The first migration meeting where someone asks "how long will this take?" is where a lot of import projects go quietly off the rails. Answer with a number and you commit to a schedule you cannot deliver. Answer with "it depends" and you lose credibility. The right answer is a small model — four dominant drivers, a per-driver estimate, and a range instead of a single number. The site's Bulk import time estimator is that model in a paste-in form. For the wider setting, the FHIR explainers for outpatient teams has more.
The Base Question
For a target of N patients with expected M observations, K conditions, and so on, how long will the import take on our target server?
That is what the estimator answers. The output is a range: fastest realistic and slowest realistic. Actual runs fall between.
The Four Drivers
- Resource volume — the raw count of resources to write
- Reference density — how many references each resource carries
- Terminology validation — whether coded values are checked
- Target server throughput — the sustained writes-per-second capacity
Every one of these is measurable. Together they predict duration within a factor of 2. For the deeper picture, the four dominant drivers of import duration is the entry.
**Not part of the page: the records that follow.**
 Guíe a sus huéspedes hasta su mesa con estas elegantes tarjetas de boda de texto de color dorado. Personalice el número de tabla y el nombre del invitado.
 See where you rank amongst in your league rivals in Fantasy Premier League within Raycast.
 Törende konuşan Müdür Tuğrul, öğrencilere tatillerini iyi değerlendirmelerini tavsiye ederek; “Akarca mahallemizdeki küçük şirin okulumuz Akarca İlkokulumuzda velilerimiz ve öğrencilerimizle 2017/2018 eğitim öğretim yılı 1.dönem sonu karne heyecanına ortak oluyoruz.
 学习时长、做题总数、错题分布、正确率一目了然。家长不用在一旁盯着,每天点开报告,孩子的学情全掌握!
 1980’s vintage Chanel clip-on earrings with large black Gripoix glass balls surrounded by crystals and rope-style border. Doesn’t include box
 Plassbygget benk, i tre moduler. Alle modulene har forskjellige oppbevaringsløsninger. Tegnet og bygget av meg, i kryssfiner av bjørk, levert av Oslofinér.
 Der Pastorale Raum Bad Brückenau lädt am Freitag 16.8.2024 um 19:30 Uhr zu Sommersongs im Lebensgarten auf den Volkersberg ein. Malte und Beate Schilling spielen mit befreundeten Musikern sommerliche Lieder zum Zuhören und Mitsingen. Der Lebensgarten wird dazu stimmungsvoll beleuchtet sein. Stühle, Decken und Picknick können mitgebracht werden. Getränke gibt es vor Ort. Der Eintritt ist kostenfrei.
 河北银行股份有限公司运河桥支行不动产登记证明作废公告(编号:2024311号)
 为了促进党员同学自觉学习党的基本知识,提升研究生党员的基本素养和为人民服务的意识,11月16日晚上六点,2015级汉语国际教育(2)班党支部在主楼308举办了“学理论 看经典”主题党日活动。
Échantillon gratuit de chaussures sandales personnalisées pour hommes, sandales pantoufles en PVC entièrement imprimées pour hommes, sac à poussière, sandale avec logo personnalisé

The Straight-Line Estimate
Time = (resource count / throughput) * average-write-cost
Simple. Wrong at the edges but useful as a starting point. For an import of 5 million resources into a server that sustains 1000 writes per second, that is 5000 seconds — about 1.4 hours.
Real imports are longer than that because the throughput drops as the store fills, and because references and terminology add per-write cost.
The Multiplier For References
Resources with dense references (Observations, MedicationRequests, Encounters) cost more per write than resources with few references (Patient, Practitioner).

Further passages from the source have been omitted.